Meaning: If you don't use it, you lose it—and if you lose it, you're less likely to use it. To boot, this 'muscle-movement loop' is accelerated or diminished by how much protein you're consistently eating.
Now insert Menopause:
Sleep Suffers, Fatigue, hot all the time >> further decreasing activity levels
No Estrogen = muscle loss + increased belly fat.
EDITING THAT PROCESS is possible
Want to learn what changes *work* and what doesn't? Click the Heart & Subscribe!
Signals for Storage
Life Events / Context
Aging with progressive lean mass loss
Menopause Transition
Unplanned & prolonged injury or illness
High-stress life phases (caregiving, job strain, burnout, emerging diagnoses)

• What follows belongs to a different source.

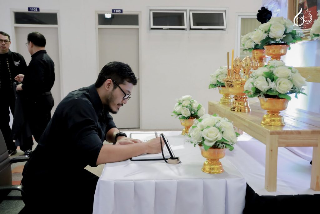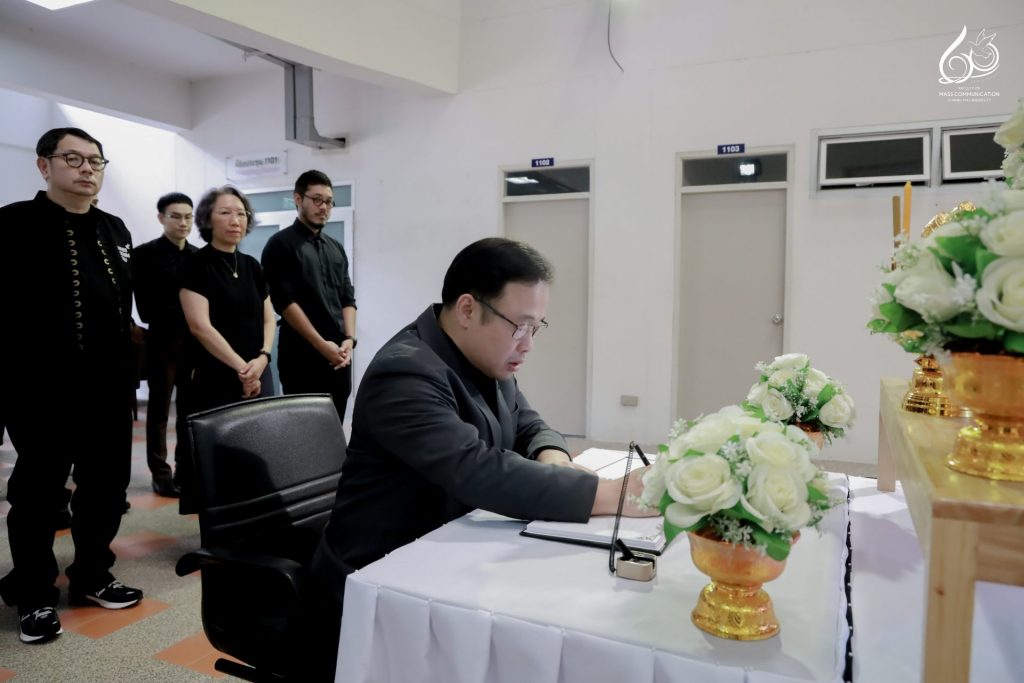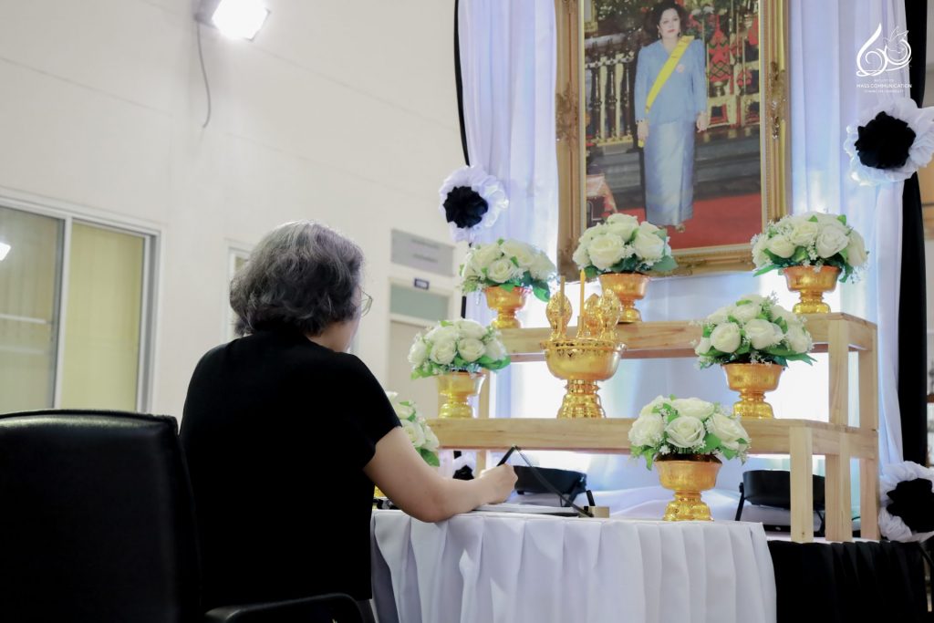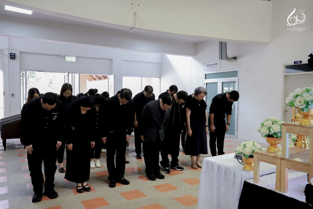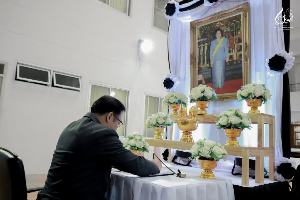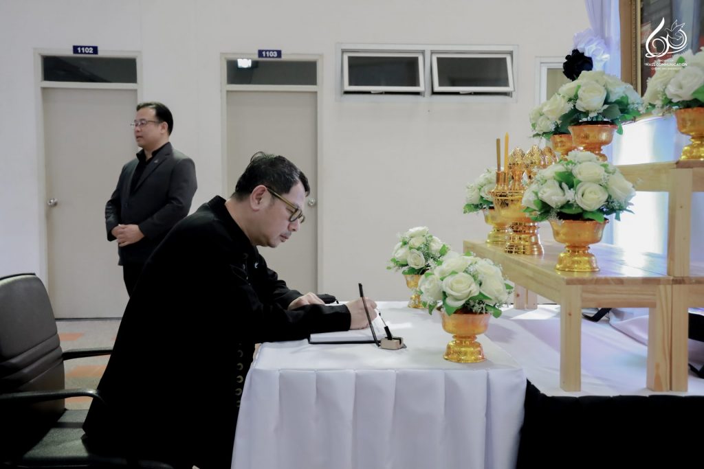 ในพิธีดังกล่าว คณบดีได้เป็นผู้นำในการยืนสงบนิ่งถวายความอาลัยเป็นเวลา 93 วินาที เพื่อแสดงความจงรักภักดีและรำลึกถึงพระมหากรุณาธิคุณที่ทรงมีต่อปวงชนชาวไทย พร้อมทั้งนำผู้เข้าร่วมพิธีลงนามในสมุดถวายความอาลัย เพื่อแสดงความอาลัยและเทิดทูนในพระเกียรติคุณของพระองค์

Sleep disruptions (hot flashes, insomnia)
Behaviors
Chronic caloric restriction or dieting
Skipping meals / irregular eating
Low protein intake
Avoiding carbohydrates, particularly if training or under excess stress
Reduced overall activity level
Not resistance training
Or training inconsistently (averaging < 2 resistance training sessions per week)
What these trigger downstream:
↑ cortisol, ↓ insulin sensitivity, ↓ muscle signaling, ↓ metabolic flexibility → preferential fat storage (often central).
Signals for Helping Functional Tissue
(Muscle, bone, metabolic health)
Life Events / Context
Resistance training adoption or resumption
Recovery from under-fueling
Hormonal stabilization (including appropriate MHT use)
Improved sleep continuity
Transition out of high chronic stress
Behaviors
Resistance training that is Progressive in nature
Eating enough total energy to support training
Adequate protein intake, distributed across the day
Carbohydrate intake matched to activity demands
Consistent meal timing
Prioritizing sleep and recovery
Maintaining enough daily movement (NEAT)
Observing Rest Days
What these trigger downstream:
↑ insulin sensitivity, ↑ anabolic signaling, ↑ lean mass retention → nutrients routed toward use rather than storage.